(DATA SHOWN)

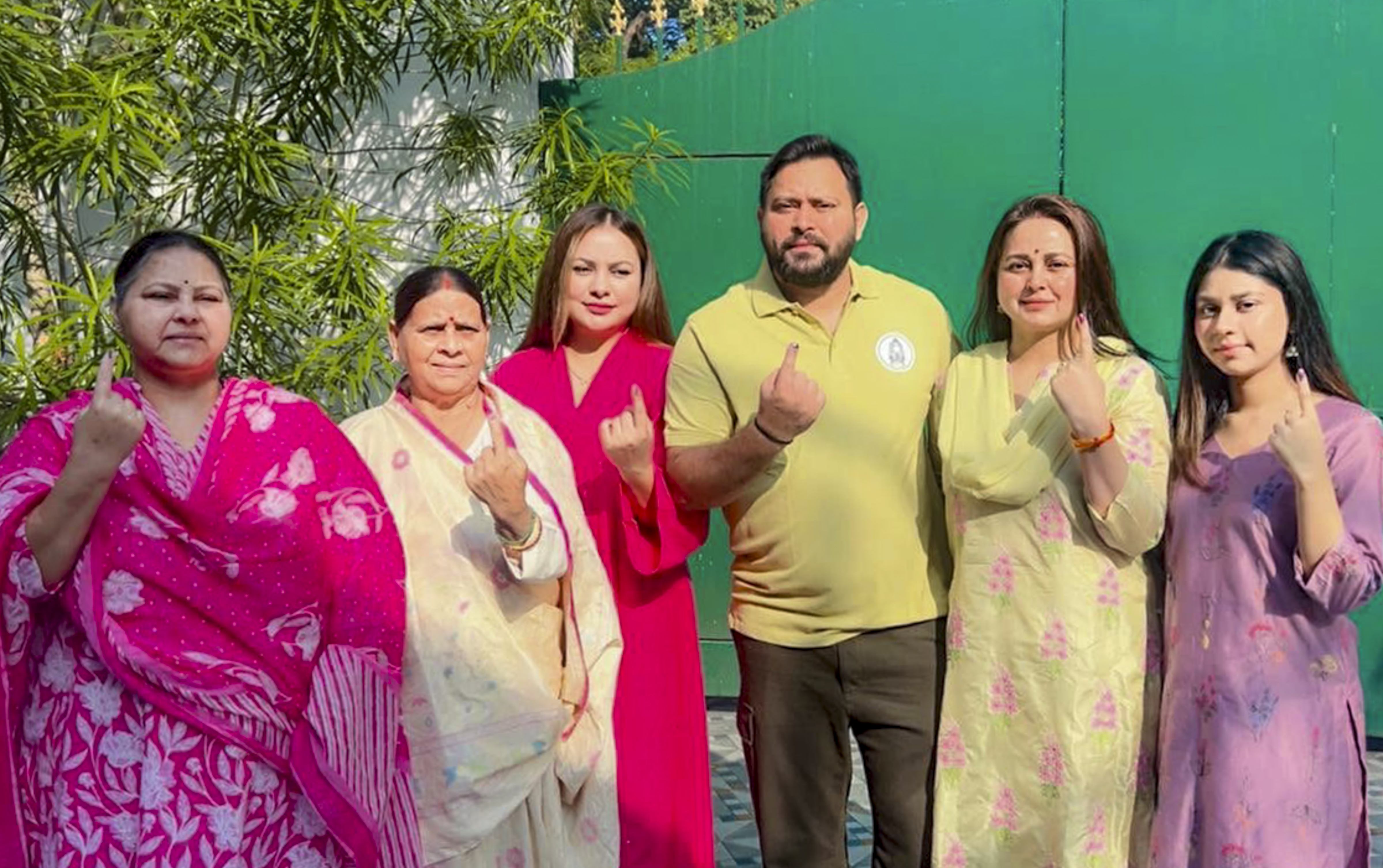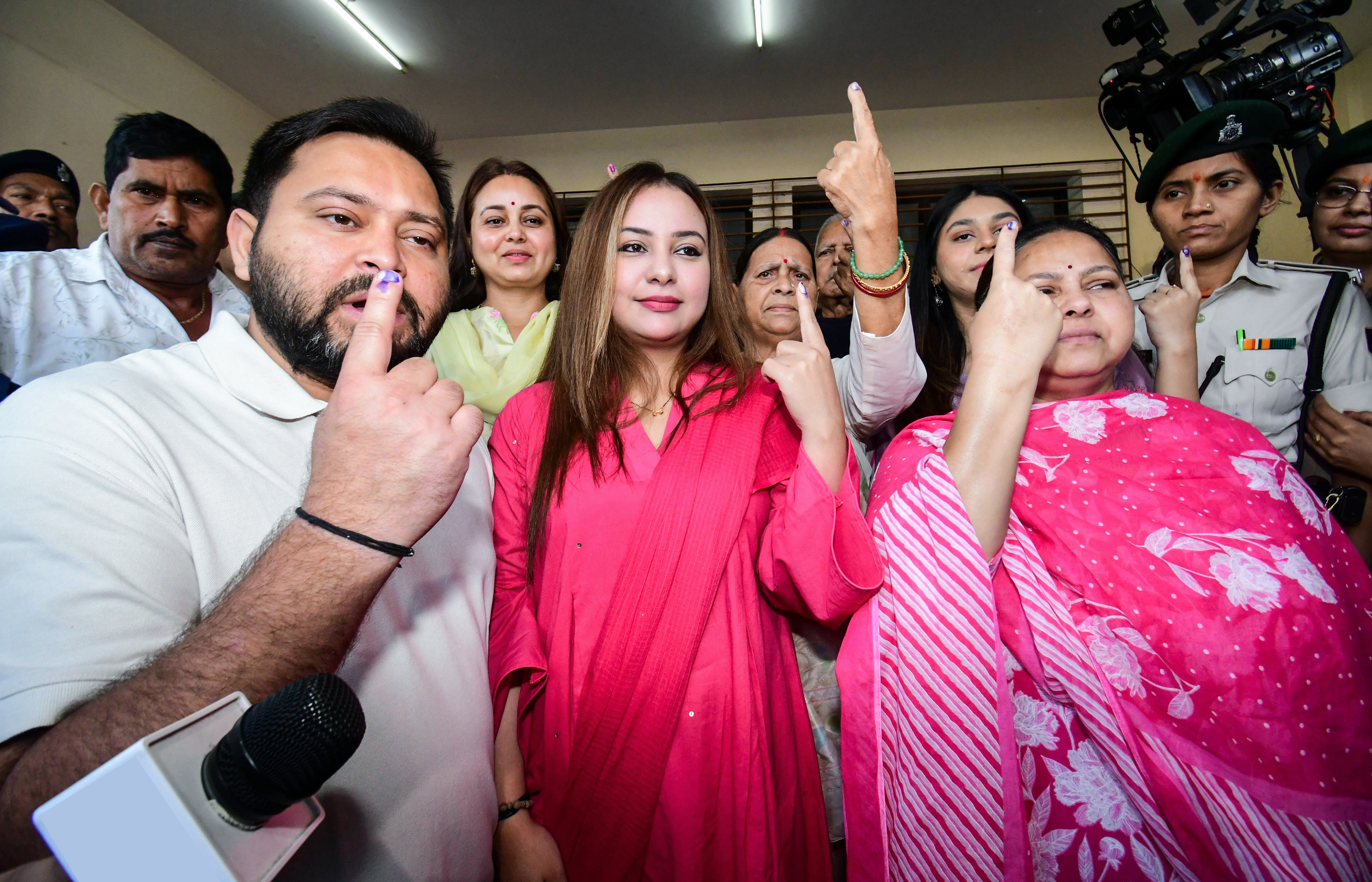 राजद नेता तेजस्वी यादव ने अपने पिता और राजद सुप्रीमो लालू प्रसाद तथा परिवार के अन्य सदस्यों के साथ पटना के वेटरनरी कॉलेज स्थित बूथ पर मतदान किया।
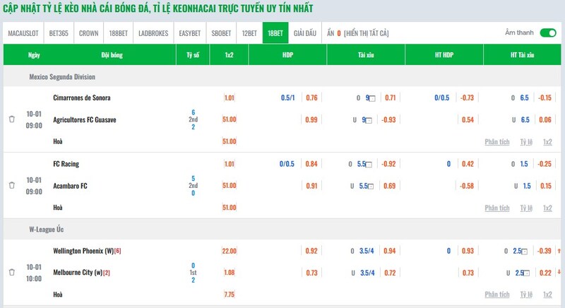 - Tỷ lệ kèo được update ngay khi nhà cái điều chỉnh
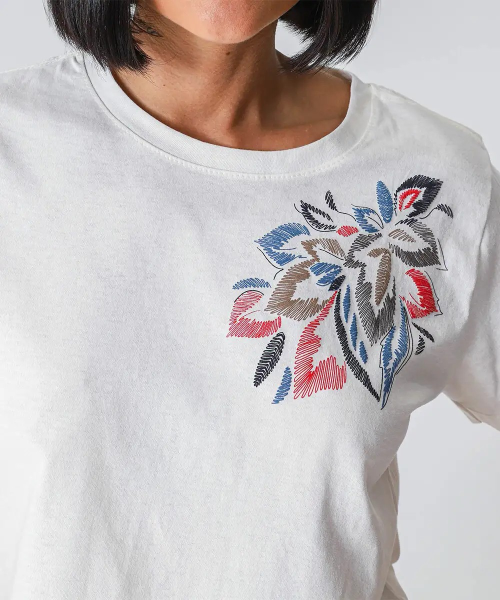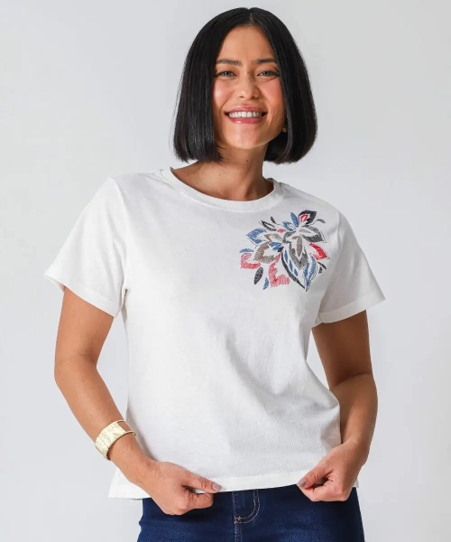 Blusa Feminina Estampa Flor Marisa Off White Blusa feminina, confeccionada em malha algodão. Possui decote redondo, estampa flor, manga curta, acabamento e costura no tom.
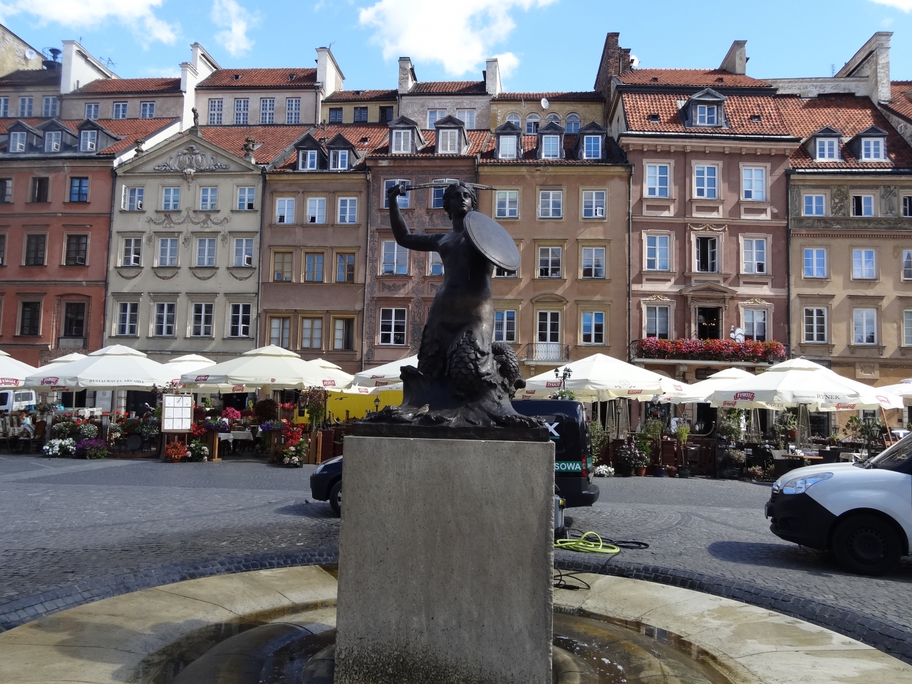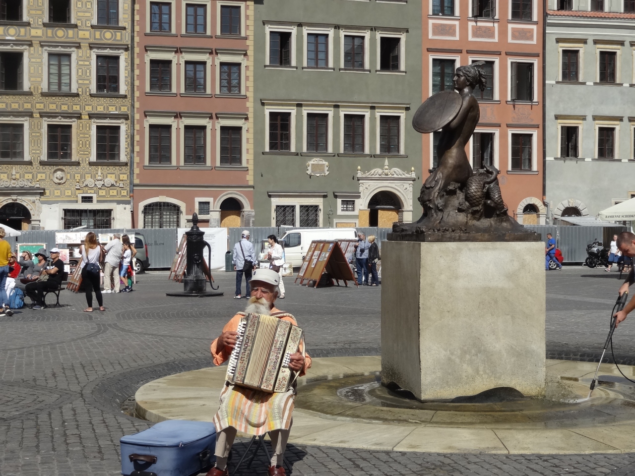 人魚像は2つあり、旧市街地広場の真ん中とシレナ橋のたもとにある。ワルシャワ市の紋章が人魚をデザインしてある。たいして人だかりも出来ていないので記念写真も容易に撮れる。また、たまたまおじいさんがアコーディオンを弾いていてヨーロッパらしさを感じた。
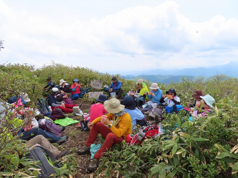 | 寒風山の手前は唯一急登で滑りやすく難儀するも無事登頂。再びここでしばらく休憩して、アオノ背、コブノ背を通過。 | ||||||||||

(End DATA SHOWN)
(DATA SHOWN)

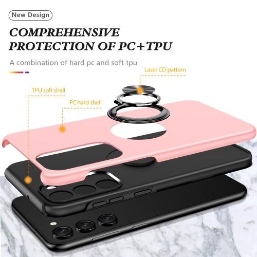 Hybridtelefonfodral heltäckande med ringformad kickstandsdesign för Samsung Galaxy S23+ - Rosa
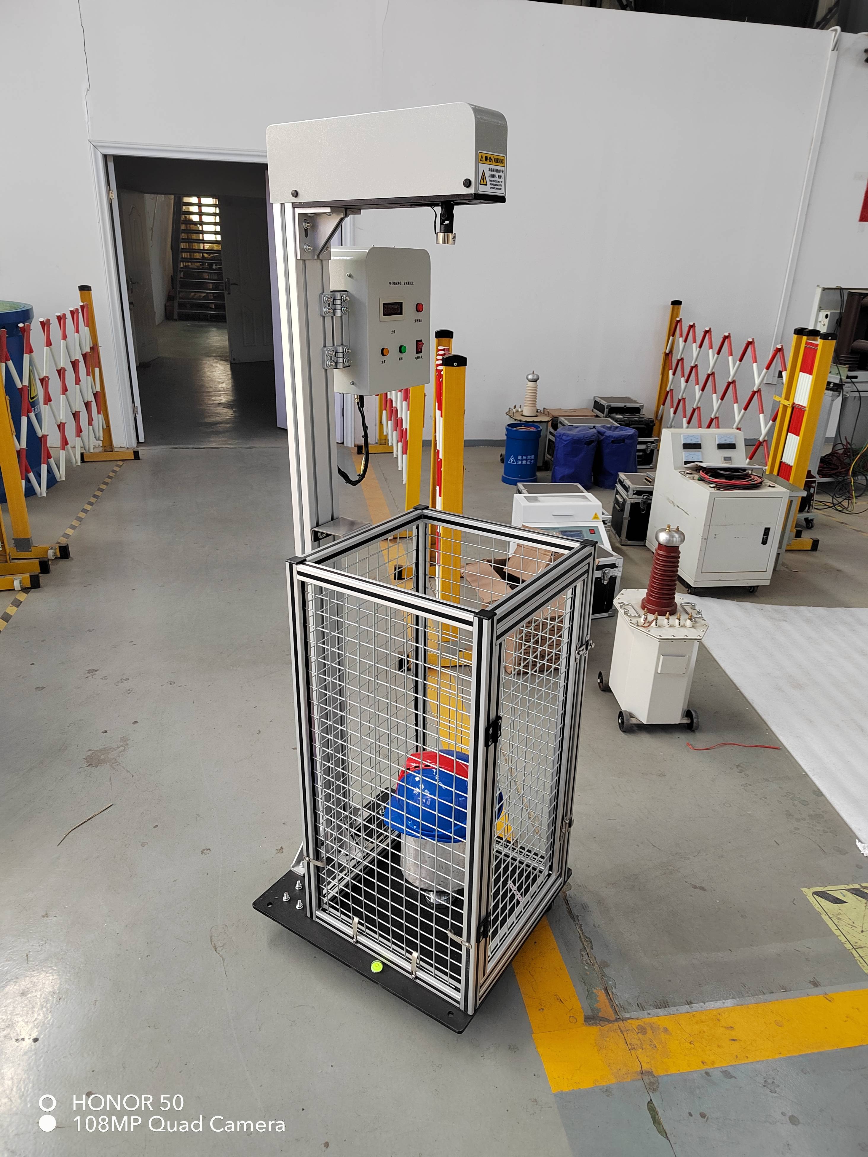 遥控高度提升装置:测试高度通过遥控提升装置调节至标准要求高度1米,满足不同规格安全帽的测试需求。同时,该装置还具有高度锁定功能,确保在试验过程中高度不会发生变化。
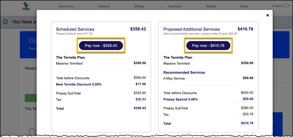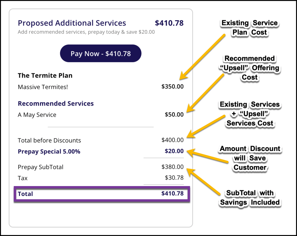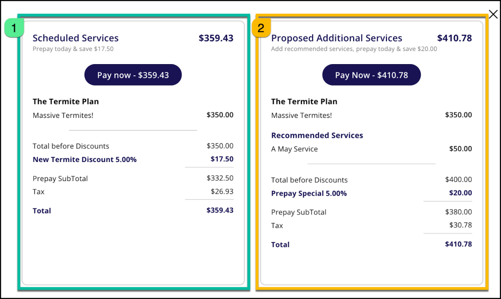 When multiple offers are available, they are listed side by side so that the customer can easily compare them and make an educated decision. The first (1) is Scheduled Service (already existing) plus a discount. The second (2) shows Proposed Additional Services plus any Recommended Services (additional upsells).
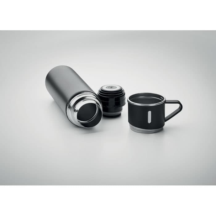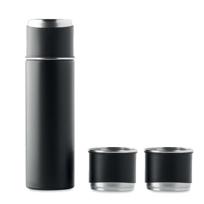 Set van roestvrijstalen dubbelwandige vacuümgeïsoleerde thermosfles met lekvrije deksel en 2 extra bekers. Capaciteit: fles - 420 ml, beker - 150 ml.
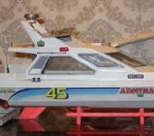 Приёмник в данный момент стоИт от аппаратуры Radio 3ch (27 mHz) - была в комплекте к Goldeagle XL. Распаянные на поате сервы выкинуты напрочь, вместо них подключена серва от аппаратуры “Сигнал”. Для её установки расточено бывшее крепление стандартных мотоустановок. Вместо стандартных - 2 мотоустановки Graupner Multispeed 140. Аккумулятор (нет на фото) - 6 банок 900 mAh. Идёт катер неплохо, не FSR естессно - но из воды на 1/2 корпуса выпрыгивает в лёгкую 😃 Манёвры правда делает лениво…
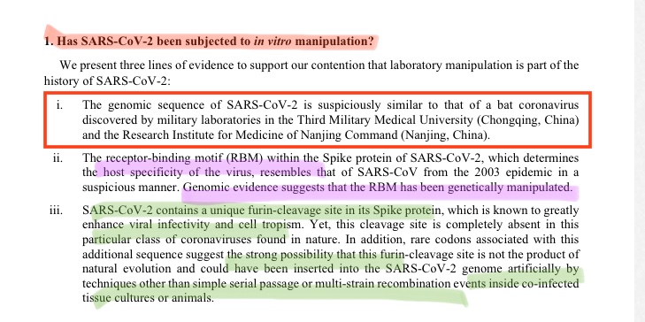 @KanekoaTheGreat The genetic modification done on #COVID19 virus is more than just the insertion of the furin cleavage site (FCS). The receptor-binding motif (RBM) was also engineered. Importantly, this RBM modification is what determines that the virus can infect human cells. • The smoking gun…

(End DATA SHOWN)
(DATA SHOWN)

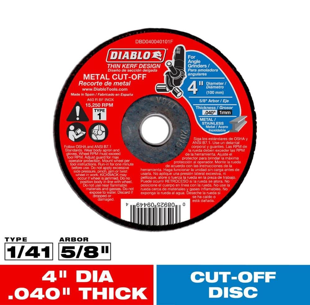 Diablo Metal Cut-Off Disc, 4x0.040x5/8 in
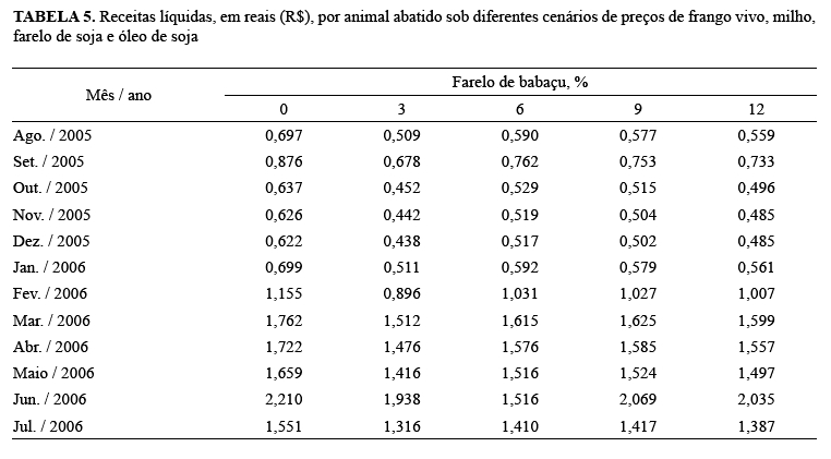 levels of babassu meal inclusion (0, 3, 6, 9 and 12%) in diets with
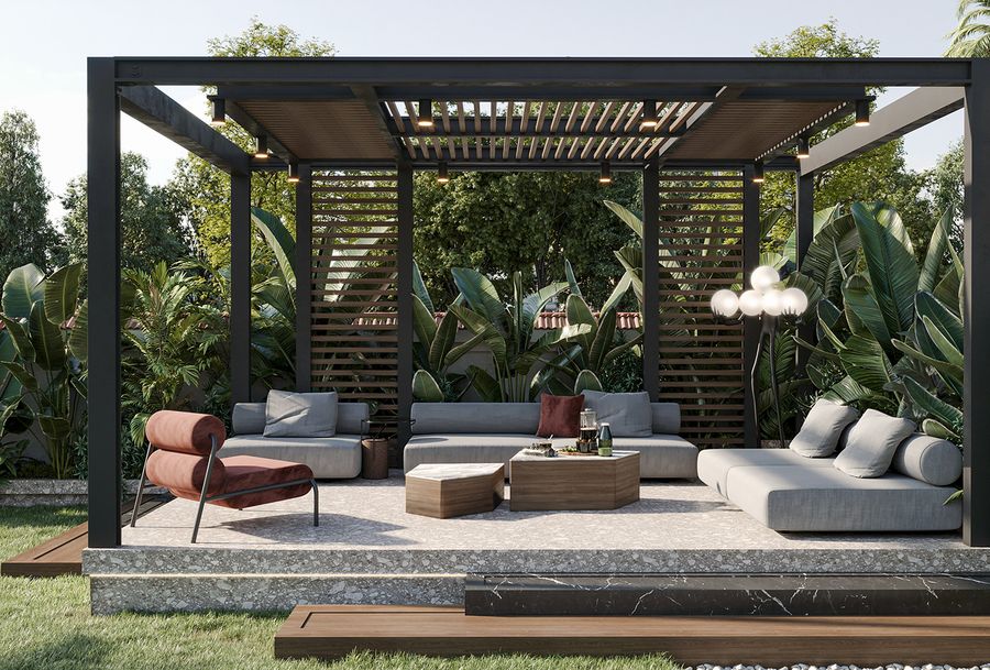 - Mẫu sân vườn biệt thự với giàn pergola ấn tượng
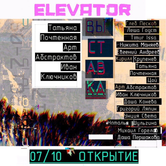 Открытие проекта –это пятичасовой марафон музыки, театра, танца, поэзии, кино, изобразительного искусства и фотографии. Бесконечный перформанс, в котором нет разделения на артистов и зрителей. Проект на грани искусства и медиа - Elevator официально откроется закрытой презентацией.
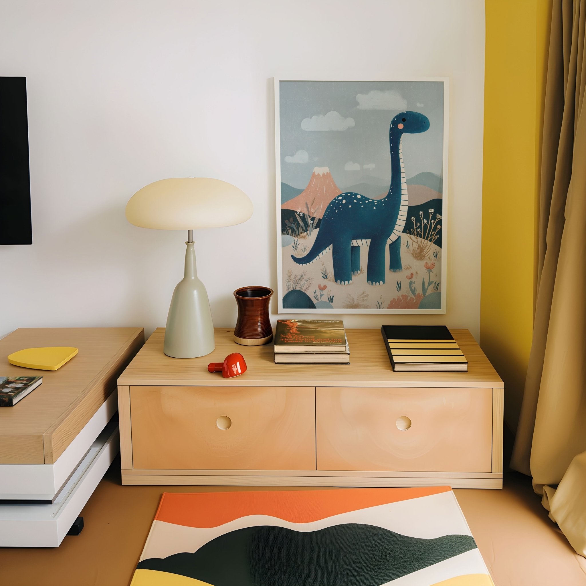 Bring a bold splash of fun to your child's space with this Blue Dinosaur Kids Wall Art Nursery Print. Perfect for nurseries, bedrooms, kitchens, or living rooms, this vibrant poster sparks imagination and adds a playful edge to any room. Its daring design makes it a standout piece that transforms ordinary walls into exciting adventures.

(End DATA SHOWN)

# [YOUR GOAL]
Among the entries above, locate the line with "Hybridtelefonfodral heltäckande med" and the line with "Приёмник в данный". Give those two lines and all lines between them again, exactly, leaving out the pictures.

# [TASK ANSWER]
 Hybridtelefonfodral heltäckande med ringformad kickstandsdesign för Samsung Galaxy S23+ - Rosa
 遥控高度提升装置:测试高度通过遥控提升装置调节至标准要求高度1米,满足不同规格安全帽的测试需求。同时,该装置还具有高度锁定功能,确保在试验过程中高度不会发生变化。
 When multiple offers are available, they are listed side by side so that the customer can easily compare them and make an educated decision. The first (1) is Scheduled Service (already existing) plus a discount. The second (2) shows Proposed Additional Services plus any Recommended Services (additional upsells).
 Set van roestvrijstalen dubbelwandige vacuümgeïsoleerde thermosfles met lekvrije deksel en 2 extra bekers. Capaciteit: fles - 420 ml, beker - 150 ml.
 Приёмник в данный момент стоИт от аппаратуры Radio 3ch (27 mHz) - была в комплекте к Goldeagle XL. Распаянные на поате сервы выкинуты напрочь, вместо них подключена серва от аппаратуры “Сигнал”. Для её установки расточено бывшее крепление стандартных мотоустановок. Вместо стандартных - 2 мотоустановки Graupner Multispeed 140. Аккумулятор (нет на фото) - 6 банок 900 mAh. Идёт катер неплохо, не FSR естессно - но из воды на 1/2 корпуса выпрыгивает в лёгкую 😃 Манёвры правда делает лениво…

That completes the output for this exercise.